Home London News London risks more police skills shortages after Brexit, over 1,000 police officers are from the EU

London risks more police skills shortages after Brexit, over 1,000 police officers are from the EU

29th Aug 17 10:38 am

Government must ensure vital public services are not stretched post-Brexit

Three per cent of London’s police force is made up of EU nationals, emphasising the talent that the UK could lose as a result of Brexit, according to new data released exclusively by Opal Transfer, the leading European money transfer service.

Of the 40,603 police officers, staff, and community support officers, there are 1,038 police officers, staff, and community support officers that are EU nationals currently working for the Metropolitan Police in London. Irish (381), Polish (198), and Romanians (67) make up nearly two thirds (62 per cent) of all EU nationals working for the capital’s police.

Italian (63), Portuguese (49), and Lithuanian (42) are the other EU-countries in the Top 10 nationalities that make up the Metropolitan Police.

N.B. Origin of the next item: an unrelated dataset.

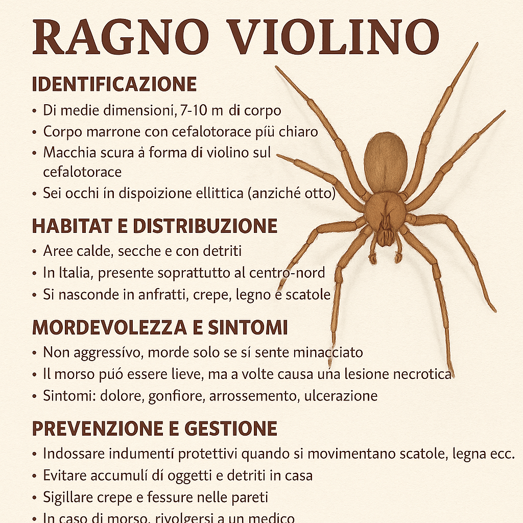 Il ragno violino, pur essendo un animale potenzialmente pericoloso, non rappresenta una minaccia concreta per la maggior parte della popolazione. Conoscere le sue abitudini, imparare a riconoscerlo e adottare misure preventive è la chiave per conviverci serenamente. Più che un nemico da temere, è un inquilino discreto che contribuisce a mantenere sotto controllo altri ospiti ben più sgraditi nelle nostre case.

Opal Transfer says that this highlights the talent that the Metropolitan Police stands to lose should Brexit result in stricter immigration policies.

Opal Transfer adds that any restrictions on the number of EU-nationals allowed to come to the UK could mean the Met Police misses out on some of the best talent available. Without its European staff, London’s police force would be weaker.

Policing was a key issue in the recent General Election, and reported staffing crises would not be helped by stricter immigration policies post-Brexit that could prevent potential recruits entering the UK.

Gita Petkevica, director of Opal Transfer, said: “It’s clear that the best police force is the one that can attract the best recruits from the broadest pool of talent. Anything that reduces the number of applicants from non-UK nationals would work against that.”

“The Government has to consider the impact that tightening immigration rules on EU nationals could have on the police and wider public services.”

“It could be a case of the Government cutting their nose off to spite its face – London’s public services are already stretched.”